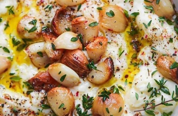 Serve the potatoes warm or hot.Add olive oil (from the bowl of roasted garlic) or melted, salted butter to the potatoes. Top with pressed, roasted garlic cloves.
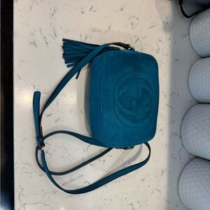 Stylish Gucci crossbody bag. Features iconic logo. Vibrant teal blue color. Perfect for any occasion.
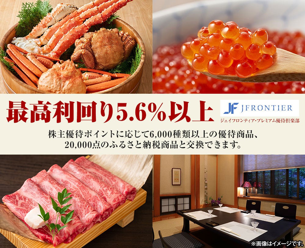 ジェイフロンティア株式会社(本社:東京都渋谷区、代表者:代表取締役社長執行役員 中村篤弘、以下「当社」)は、株主の皆様への還元の強化と当社の投資対象としての魅力を高めることを目的に、最高利回り5.6%以上(※)、6,000種類以上の商品ラインナップから選べ、さらに20,000点のふるさと納税商品も選択可能な「ジェイフロンティア・プレミアム優待倶楽部」を新設いたしました。
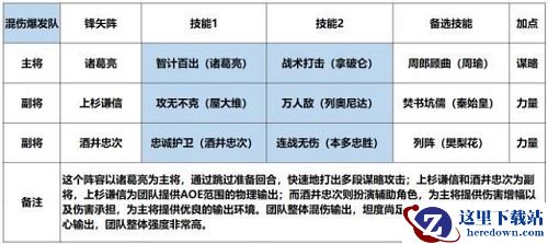 以诸葛亮为主将有物理输出还有多段谋略攻击,副将提供AOE范围物理输出和辅助伤害承担效果,整体为诸葛亮提供更好的输出空间,整体强度非常高。
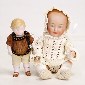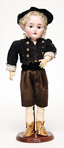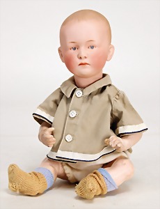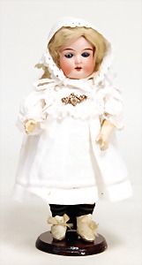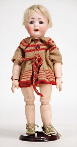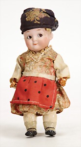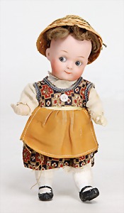 9573, Biskuitporzellan, Googly, 16,5 cm, Kurbelkopf, braune seitl. blickende Schlafaugen, geschl. Melonenmund, stämmiger Stehkörper, mit anmodellierten Schuhen u. Strümpfen, Mohairperücke ausgegangen, Orig.-Kleidung
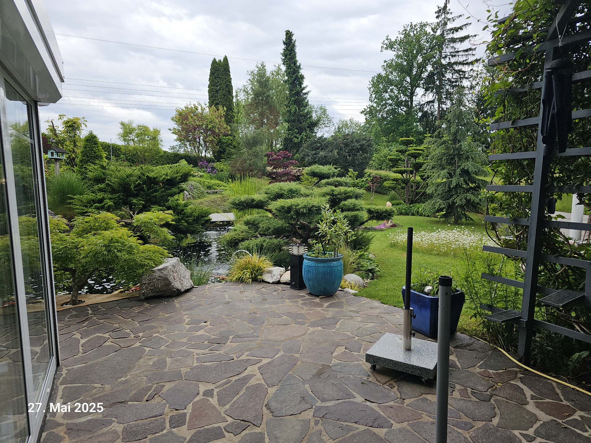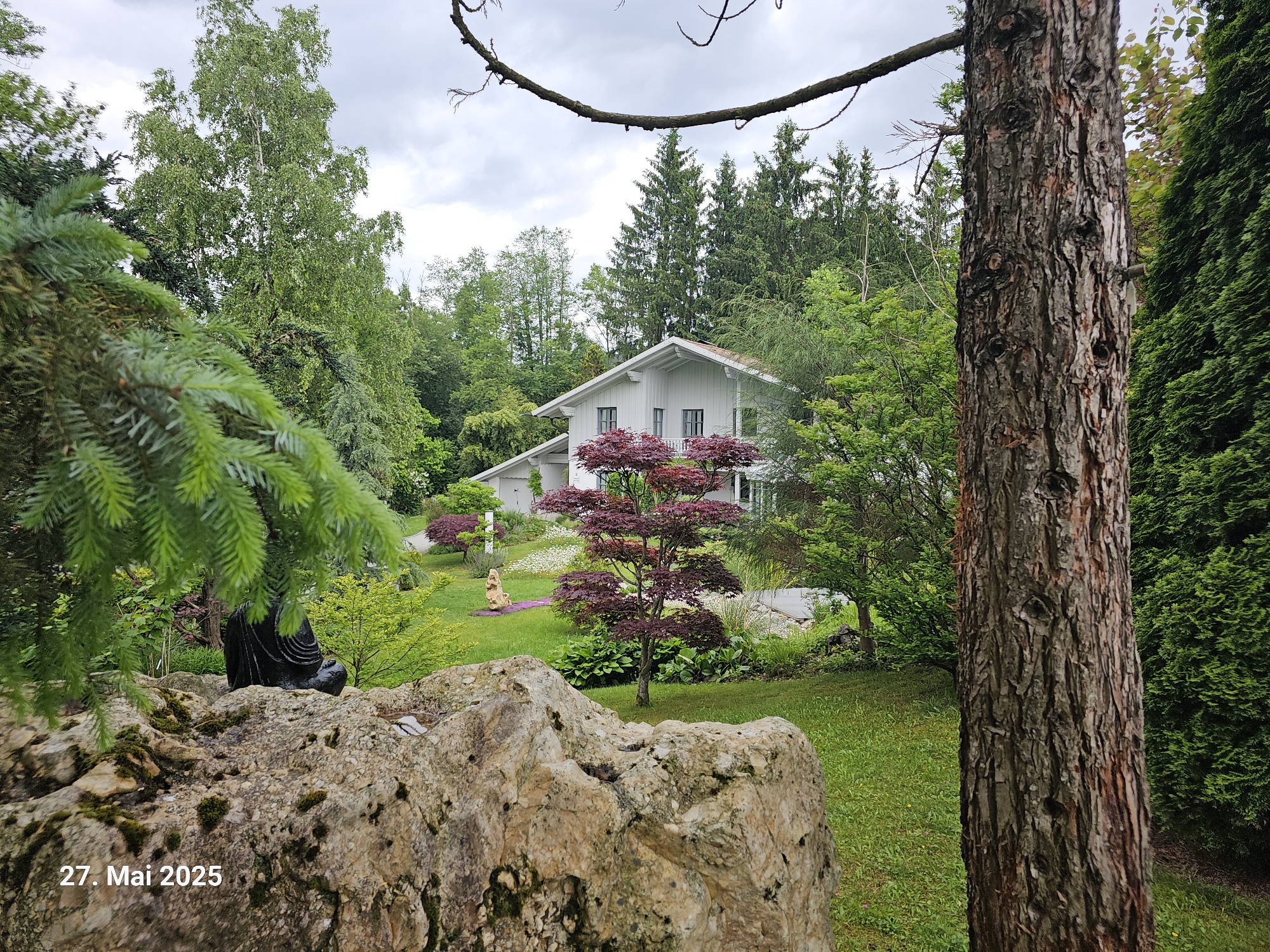 in herrlicher sonniger und an sehr heißen Tagen auch schattiger Alleinlage mit ca. 200m2
────────────────────────────────────────
**TASK PROMPT:** Every line from the one holding "以诸葛亮为主将有物理输出还有" through the last line of the entries above, and nothing else, is to be restated word for word. Pictures stay out.

**YOUR RESPONSE:**
 以诸葛亮为主将有物理输出还有多段谋略攻击,副将提供AOE范围物理输出和辅助伤害承担效果,整体为诸葛亮提供更好的输出空间,整体强度非常高。
 9573, Biskuitporzellan, Googly, 16,5 cm, Kurbelkopf, braune seitl. blickende Schlafaugen, geschl. Melonenmund, stämmiger Stehkörper, mit anmodellierten Schuhen u. Strümpfen, Mohairperücke ausgegangen, Orig.-Kleidung
 in herrlicher sonniger und an sehr heißen Tagen auch schattiger Alleinlage mit ca. 200m2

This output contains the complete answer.